Thursday, 13 May 2010


“It's good to have money and the things that money can buy, but it's good, too, to check up once in a while and make sure that you haven't lost the things that money can't buy.” George Horace Lorimer

The weather in Brisbane today was beautiful – a lovely, sunny, warm day with blue skies and just the hint of a breeze. As we progress into the Southern Hemisphere winter, the weather in my home town Melbourne gets progressively colder and wetter and greyer, while in Brisbane, the subtropical dry season is beginning, with equable temperatures and a dry, warm climate. Many people living in the southern states of Australia have their holidays up in the North in the midst of winter, as a relief from the winter blues.
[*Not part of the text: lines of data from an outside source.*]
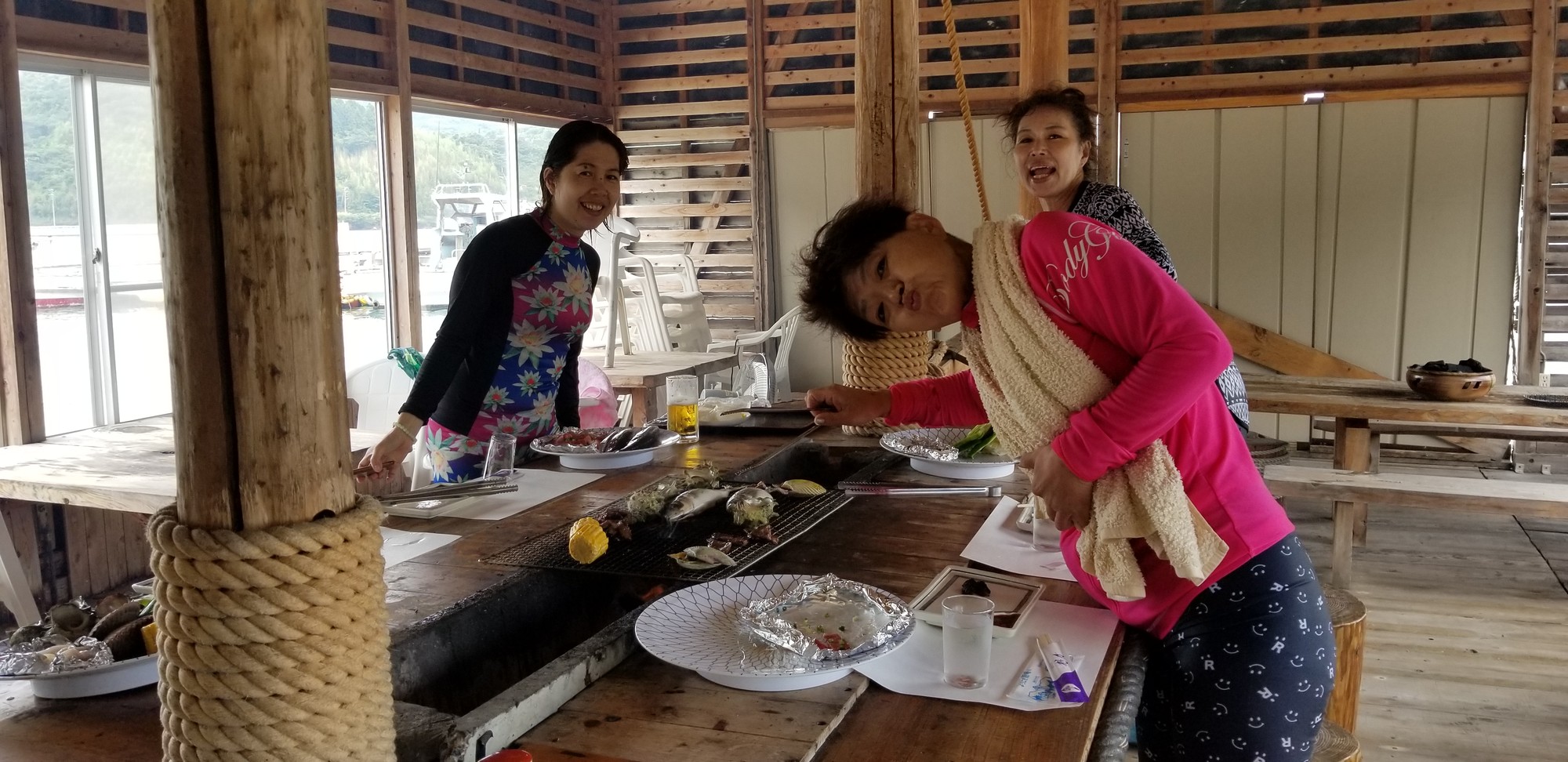 その他に、ドリームのオーナー、ロハスのオーナー夫婦、それにゲストの女子2名の合計7名で『くにが』に乗船!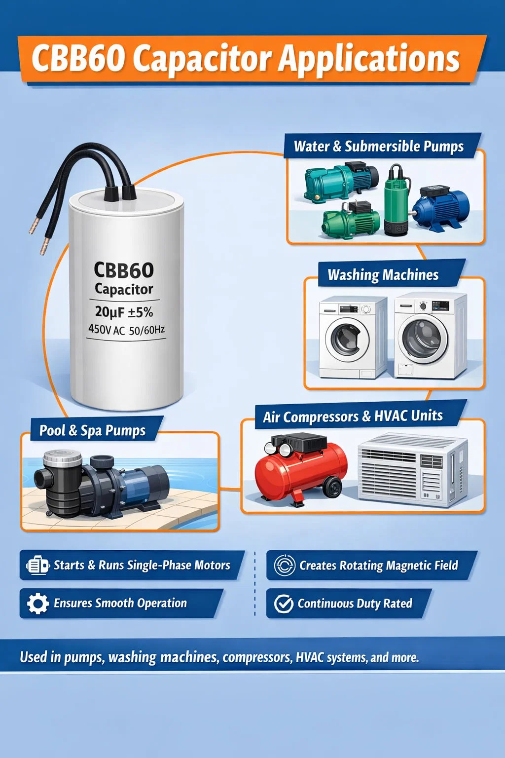 Конденсатор CBB60 встречается в удивительно широком спектре оборудования. Хотя на рынке доминируют насосы, способность компонента выдерживать постоянное переменное напряжение номинальной частоты делает его пригодным везде, где однофазному двигателю требуется помощь в создании второй фазы.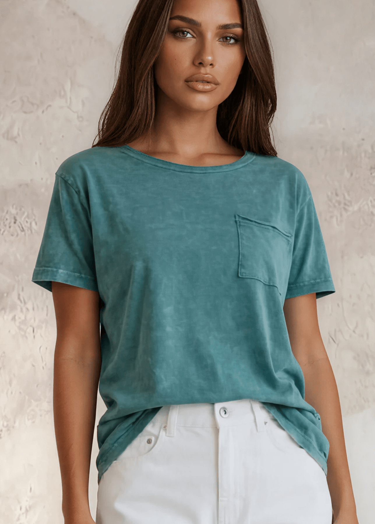 Meet the Jessie Tee in Teal — the effortlessly cool everyday essential you'll reach for again and again. Crafted from 100% cotton with a soft mineral wash and garment dye finish, this relaxed-fit tee feels like your favorite worn-in shirt from day one. The wide round neckline gives it that laid-back, lived-in vibe, while the raw edge chest pocket adds a subtle boutique touch that sets it apart from the basics.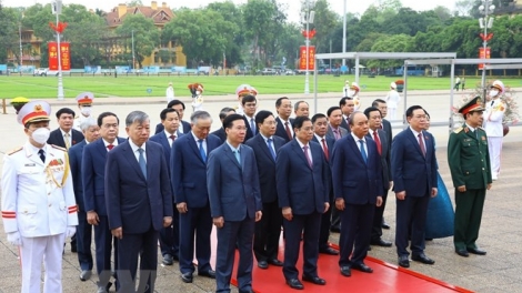 (VOVWORLD) -值越南南方解放、国家统一47周年之际,越南国家主席阮春福、政府总理范明政、国会主席王庭惠率领的越共中央、国家主席、国会、政府、祖国阵线、中央各部门、团体组织代表团4月27日上午前往胡志明主席陵敬献花圈,入陵瞻仰胡志明主席遗容,同时在河内市北山街英雄烈士纪念碑举行上香仪式,缅怀历代英雄烈士。

I had to attend a ministerial seminar and workshop today, which although informative was at a low level and reading a webpage would have given as much information. However, it was valuable in that I made some good contacts who will no doubt prove to be very useful in the future. One wonders how much money from the public purse is wasted on activities such as this where guest speakers and consultants (who are paid a fortune!) are invited to “educate” high level people in education who are themselves experts in many of the fields that are covered…
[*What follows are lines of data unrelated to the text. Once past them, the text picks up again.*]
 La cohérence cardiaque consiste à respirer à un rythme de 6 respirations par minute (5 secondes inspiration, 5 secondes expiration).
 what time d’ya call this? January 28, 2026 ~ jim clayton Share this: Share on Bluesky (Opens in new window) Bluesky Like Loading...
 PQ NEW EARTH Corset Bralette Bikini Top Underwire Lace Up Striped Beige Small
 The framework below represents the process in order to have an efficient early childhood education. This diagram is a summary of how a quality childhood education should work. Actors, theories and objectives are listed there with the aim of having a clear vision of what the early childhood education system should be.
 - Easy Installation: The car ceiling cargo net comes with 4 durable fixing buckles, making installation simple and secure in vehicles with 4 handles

Walking back through the City after the seminar I was surprised by the very large number of people milling around the busy streets and shops, the huge amount of traffic and the considerable construction that was going on. We are fortunate here in Australia that the Global Financial Crisis (GFC) has touched us but lightly and amongst the developed economies in the world we are doing very well. With about 5.5% unemployment and a moderate to low deficit, Australia seems to be an economic paradise when compared to the USA and some European countries. It seems we are still the “lucky country”, but for how long?

The latest budget delivered by our government has started some alarm bells ringing and the opposition is forecasting doom and gloom (but after all that is the job of the opposition, is it not?). The GFC is far from over and Australia’s healthy economic is about to take a beating according to some economists. Australia’s natural resources and its mining wealth seem to have been one factor that protected it from the worse of the crisis. Now with the new tax on mining some politicians are predicting dire financial effects. However, the tax on profits of multinational companies that exploit Australian resources before these profits leave the country seems only fair to the local population. Time will tell where these times are leading us, I just hope it’s not the case of “let’s start third world war in order to resolve all sorts of problems all at once”.
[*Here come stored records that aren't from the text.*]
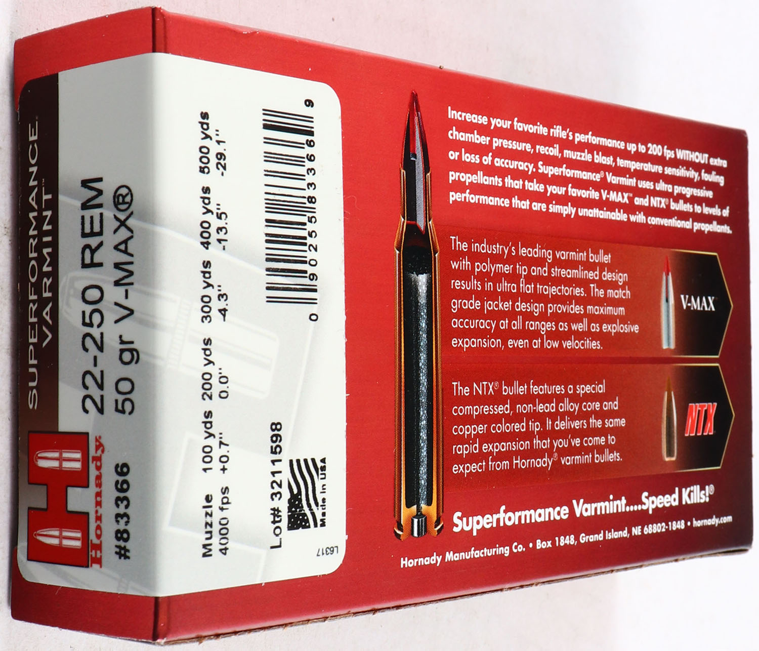 Hornady, Superformance Varmint, 22-250 Rem, 50 Grain V-MAX, Full, 1pc. multi-colored box, box is solid with excellent color, Ammo is excellent. Grade: MINT - Value: 20 to 60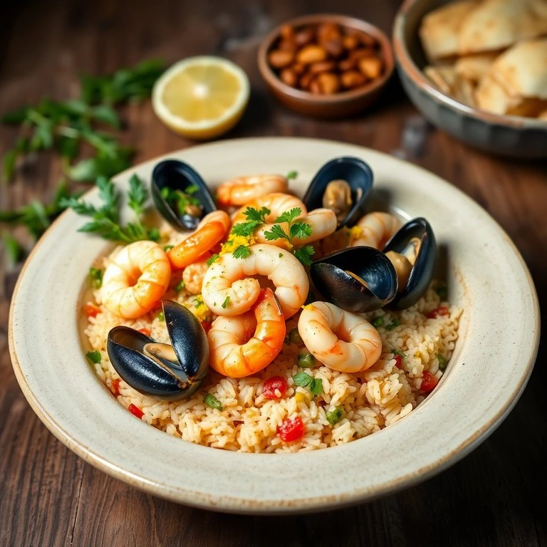 Una deliciosa mezcla de mariscos frescos con hierbas aromáticas y un toque de limón, ideal para disfrutar en una comida especial.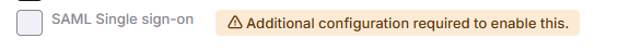 - If SAML SSO is not configured, the SAML checkbox will appear unchecked (but still disabled) with a visual warning message. e,g: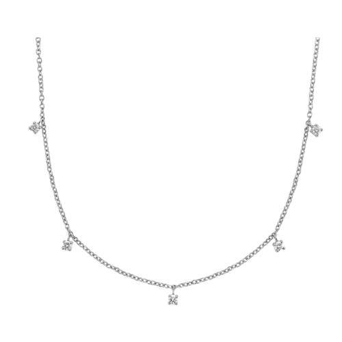 השרשרת עשויה כסף 925 ומשובצת חמש אבני מואסנייט איכותיות בגודל 3.5 מ״מ כל אחת.

finance |ˈfīnans; fəˈnans| noun
The management of large amounts of money, esp. by governments or large companies.
• monetary support for an enterprise: Housing finance.
• ( finances) the monetary resources and affairs of a country, organization, or person: The finances of the school were causing serious concern.
verb [ trans. ]
Provide funding for (a person or enterprise): The city and county originally financed the project.
ORIGIN late Middle English: from Old French, from finer ‘make an end, settle a debt,’ from fin ‘end’. The original sense was [payment of a debt, compensation, or ransom]; later [taxation, revenue.] Current senses date from the 18th century, and reflect sense development in French.